EX-10.5 2 shc20221231_exhibitx10x05.htm EX-10.5 Document
Exhibit 10.5

July 18, 2022                         
Mr. Michael Biehl

Dear Michael,

This letter confirms the terms of your assignment as Interim Chief Financial Officer (“CFO”) of Sotera Health Company (the “Company”), following the commencement of your employment with the Company effective July 11, 2022.

Duration: This assignment is expected to be effective on July 20, 2022 and to continue until thirty days after a permanent CFO commences work in that role (or such other date as mutually agreed between the parties).

Reporting: You will report to me.

Status & Salary: You will be employed as a full-time, exempt, salaried employee. Your starting salary will be $75,000 per month, payable on a bi-weekly basis. You will not be entitled to participate in the Company’s Annual Incentive Plan or Long-Term Incentive Plan.

Benefits Program: You shall be eligible to participate in the Company's 401(k) plan with Company match. The plan is in accordance with the terms and conditions of that program, as may be in effect from time to time. The Company reserves the right to amend or discontinue its benefits program at any time, with or without advance notice.
Your employment with the Company is “at will”; it is for no specified term and may be terminated by you or the Company at any time, with or without cause or advance notice. This letter may be executed in counterparts and shall be binding upon the parties upon execution and may only be amended in writing signed by each of the parties hereto. The Company reserves the right to add, delete, or modify all plans, program, policies, procedures, and guidelines at any time, provided, however, that such actions shall not modify the compensation and benefits specifically provided to you under this letter. This letter, together with the Restrictive Covenants Agreement (as defined below), constitutes the complete agreement between you and the Company with respect to the subject matter hereof, and supersedes any prior understandings or agreements with respect thereto, and shall be governed by the internal substantive laws of the state of Delaware. All compensation and benefits described herein will be subject to applicable tax withholding.

The intent of the parties is that payments and benefits under this letter be exempt from Section 409A of the Internal Revenue Code of 1986, as amended (the “Code”) and the regulations and guidance promulgated thereunder (collectively “Code Section 409A”) and, accordingly, to the maximum extent permitted, this letter shall be interpreted to be exempt therewith. In no event whatsoever shall the Company be liable for any additional tax, interest or penalty that may be imposed on you by Code Section 409A or damages for failing to comply with Code Section 409A.

As a condition of your employment, you will be required to provide the Company with documents establishing your identity and right to work in the United States. These documents must be provided to the Company within three days after your employment start date. In addition, you will also be required to sign a restrictive covenants agreement (the “Restrictive Covenants Agreement”) in a form customary for senior executives covering non-competition and non-solicitation (while employed and for one year post employment) and confidentiality.

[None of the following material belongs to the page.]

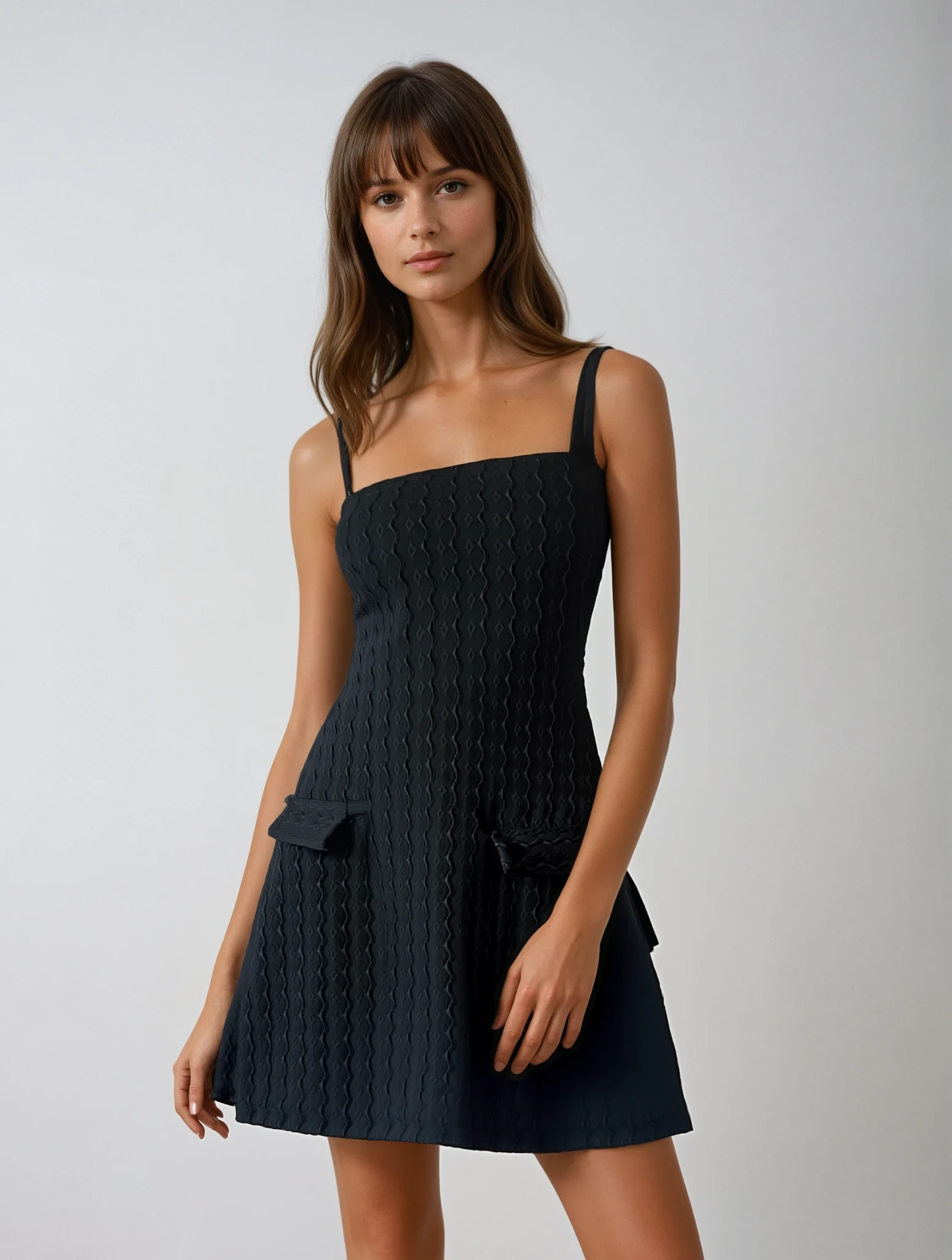 Textured Black Mini Dress – A chic sleeveless mini dress with a square neckline, structured straps, and a flared A-line silhouette. Designed with a subtle textured pattern and decorative pocket flaps for a refined touch.

Michael, we look forward to working with you. To confirm your acceptance of the terms and conditions set out above, please sign below and return to me.

9100 South Hills Boulevard, Suite 300
Broadview Heights, OH 44140 | soterahealth.com


Michael B. Petras, Jr.
Chairman and Chief Executive Officer
Sotera Health Company
By my signature below, I confirm that I have read, understand and agree with the terms of this offer.